Di antara kerumunan penonton, ada Pandawa yang tengah menjalani masa penyamaran. Mereka hadir secara lengkap: Yudistira, Bima, Arjuna dan si kembar Nakula-Sadewa, didampingi oleh Kresna. Sementara di sudut yang lain, tampak Basusena Karna. Ia berdiri tepat di depan panggung kehormatan.
Gong dipukul tiga kali telah terdengar, tanda dimulainya sayembara. Raja Pancala ke atas panggung diiringi oleh putra-putrinya: Destradyumna, Drupadi dan Srikandi. Semua mata terkesima menyaksikan kecantikan Drupadi yang sempurna. Ketika mata Drupadi menyapu orang-orang di hadapannya, ia beradu pandang dengan Karna.

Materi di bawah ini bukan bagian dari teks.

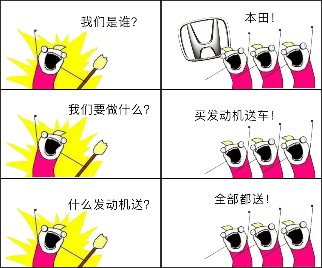 调侃本田是买发动机送车已经不是一天两天的事了。一方面本田的发动机实在是强。最强的发动机黑科技VTEC、i-VTEC、地球梦科技,就算大家不知道其中原理,也肯定听过它们的名字。例如被本田党早已捧为神车的思域,1.5T的发动机有177匹的马力,跑进7秒的百公里加速成绩甚至可以让众多的前驱小钢炮都感到颤栗。另一方面,买一台本田车,除了秀发动机,似乎也没什么可秀的了,较硬的悬挂质感和噪音较大的驾驶环境,还是暴露出不少“本田家”的问题。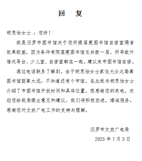 我是一名刚毕业到汨罗参加工作的年轻同志,周末喜欢去图书馆自修,汨罗环境比较好的是落篼图书馆,但是因为小朋友的阅读室和咨询台还有自修室都在同一层,隔音效果不佳,希望能开放一层成人自修室。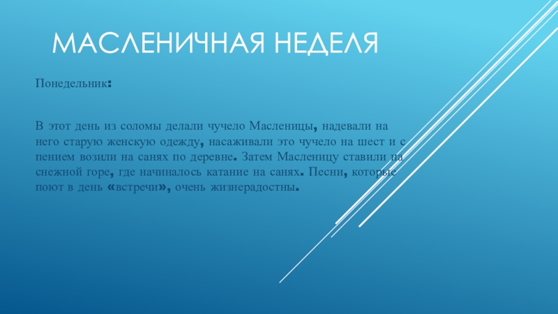 него старую женскую одежду, насаживали это чучело на шест и с пением возили на санях по деревне. Затем Масленицу ставили на снежной горе, где начиналось катание на санях. Песни, которые поют в день «встречи», очень жизнерадостны.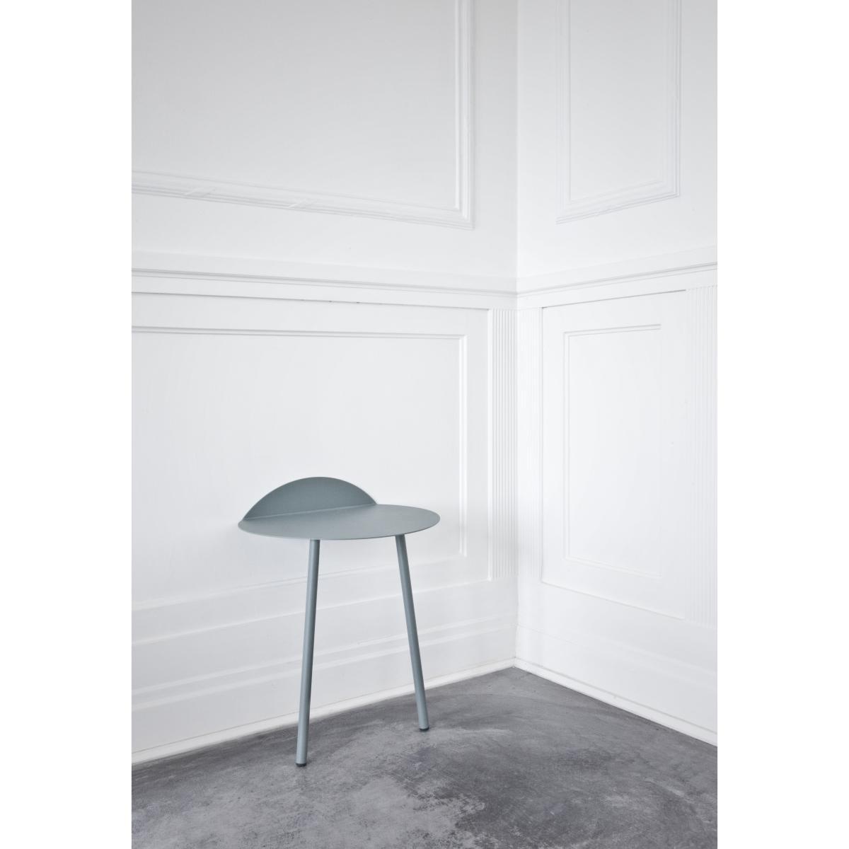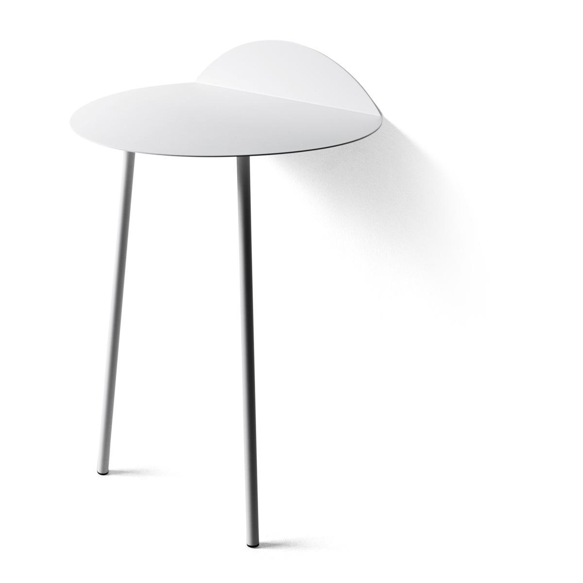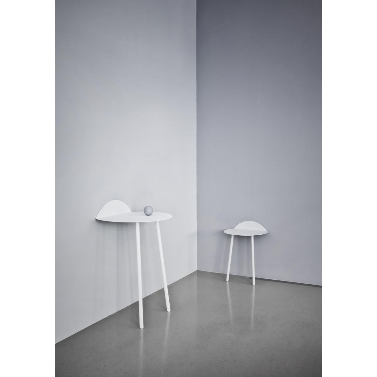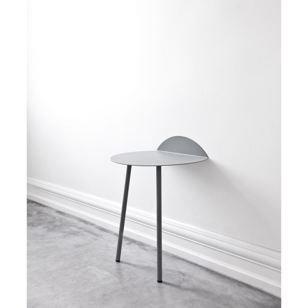 Yeh Wall Table is designed by Taiwan-based designer, Kenyon Yeh. He found the inspiration to this mobile side-table after observing a cheerleading practise at a neighbouring school in his hometown. Kenyon Yeh: "I was walking to my studio and passed a school where two students were practising balance and strength for their cheerleading routines. The guy was with his back resting against the wall, in a sitting position without a chair, while the girl was standing on his thighs with her arms stretched out". The scene inspired Kenyon to design a minimalistic table with clean lines standing on only two legs. To compensate the two missing legs, a part of the thin tabletop is bent upwards in a 90-degree angle against the wall. Two thin and slightly angled tubular steel legs give additional stability. No other fixtures are needed for the table to support what's placed on top of it. "Yeh Wall Table mimics a person in sitting position with the back resting against the wall and the legs firmly placed on the ground. If muscles and bone structure carries the person, coated steel is what gives the table necessary stability. These characteristics that give an imaginative floating sensation and added value to the design", says to Kenyon. Yeh Wall Table is a functional design that can be used as a side-table for books, plants, a table lamp or small objects. It's light, mobile and a clever solution for homes with limited spaces. It's presented in a high and a low version.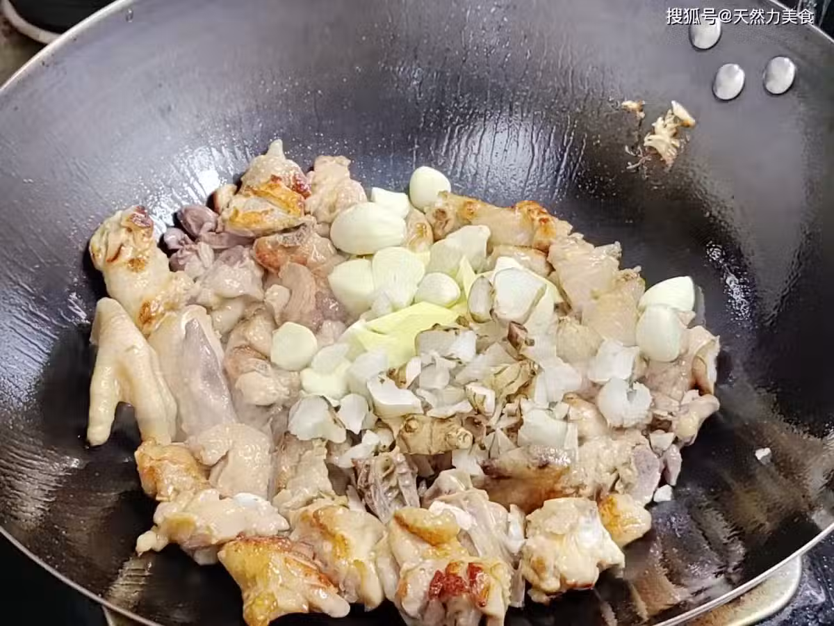 5、淋入50克廣東米酒,翻炒均勻,加米酒可以去腥增香,沒有米酒的可以用黃酒或者料酒都可以。酒精的揮發會帶走雞肉中的腥味,留下來的就是香味了。
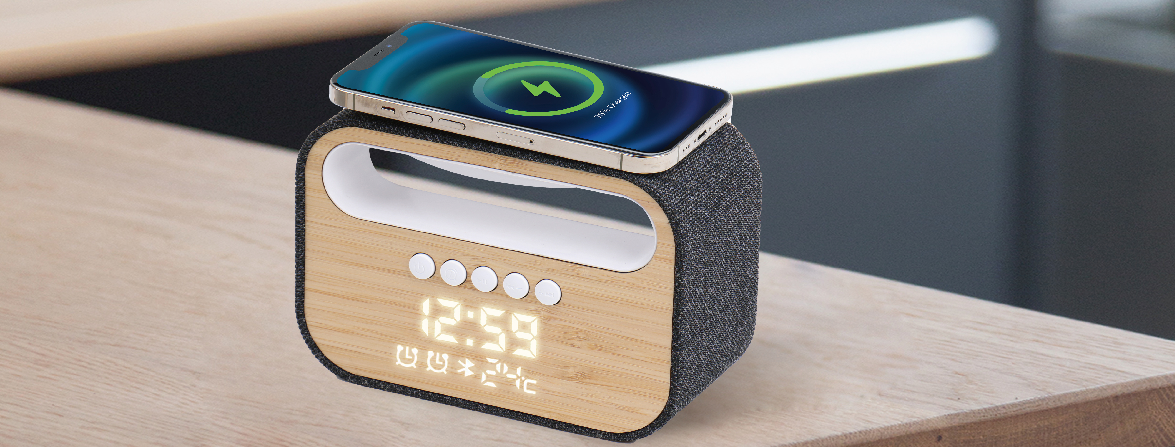 15-W-Schnellladung kabellos Nachtlicht mit 3 Modi, einstellbar Digitaluhr mit Temperaturanzeige 5-Watt-Lautsprecher mit ausgewogenem Klang Kompaktes Holz- und Stoffdesign USB-Typ-C-Eingang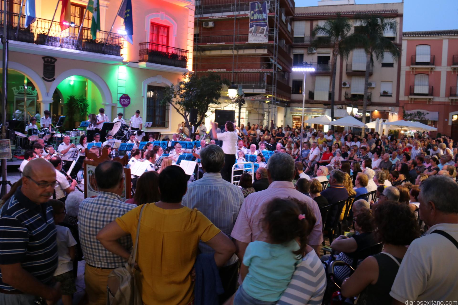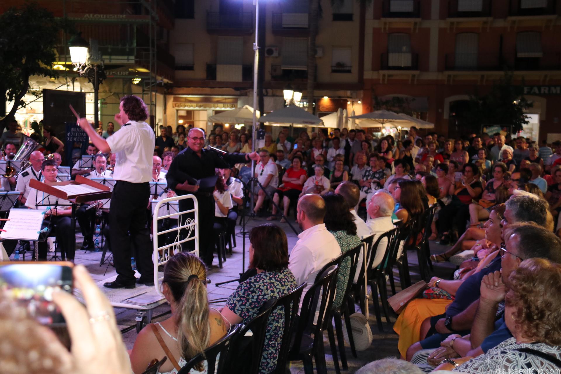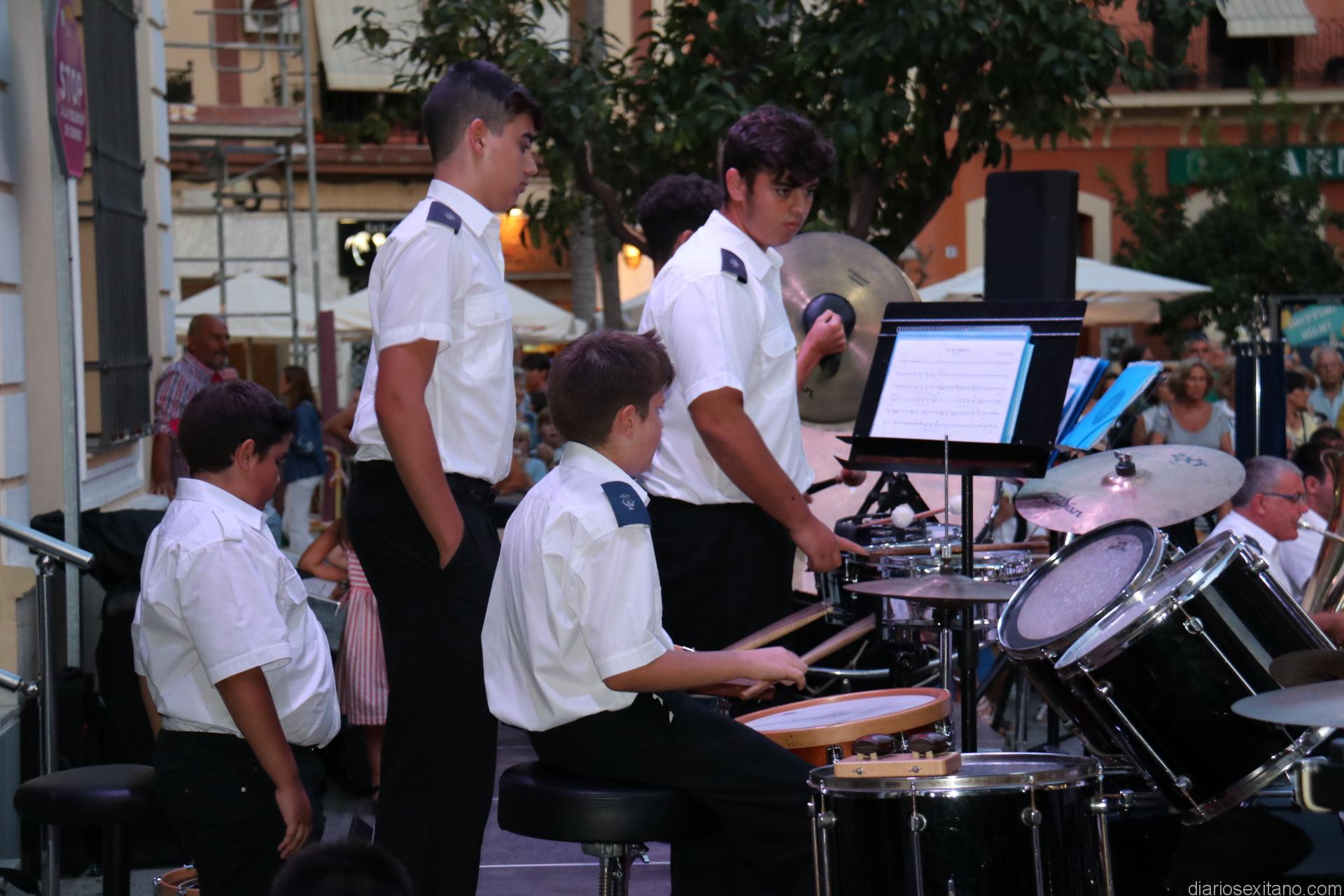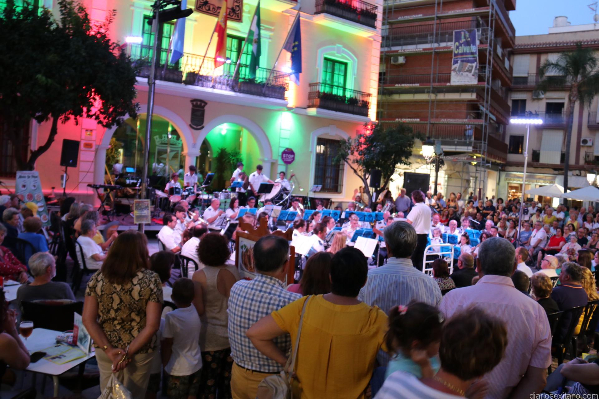 La plaza de la Constitución sexitana llena de público fue testigo de uno de los conciertos más brillantes que ha ofrecido la citada banda, bajo la dirección de David Pino Campos, y que no defraudó a nadie.

Beberapa detik ia tak mengalihkan pandangan, demikian pula Karna.
Mereka jatuh cinta pada pandangan pertama.
Raja Drupada sendiri yang menyampaikan aturan main sayembara. Tak lama kemudian, satu per satu ksatria yang mewakili kerajaan masing-masing maju ke depan untuk mengikuti sayembara. Dan mereka gagal semua. Ada yang tak mampu mengangkat busur, atau sudah bisa mengangkat busur tetapi tidak mampu meletakkan anak panah pada tali busur atau gagal menancapkan anak panah pada sasaran yang tepat.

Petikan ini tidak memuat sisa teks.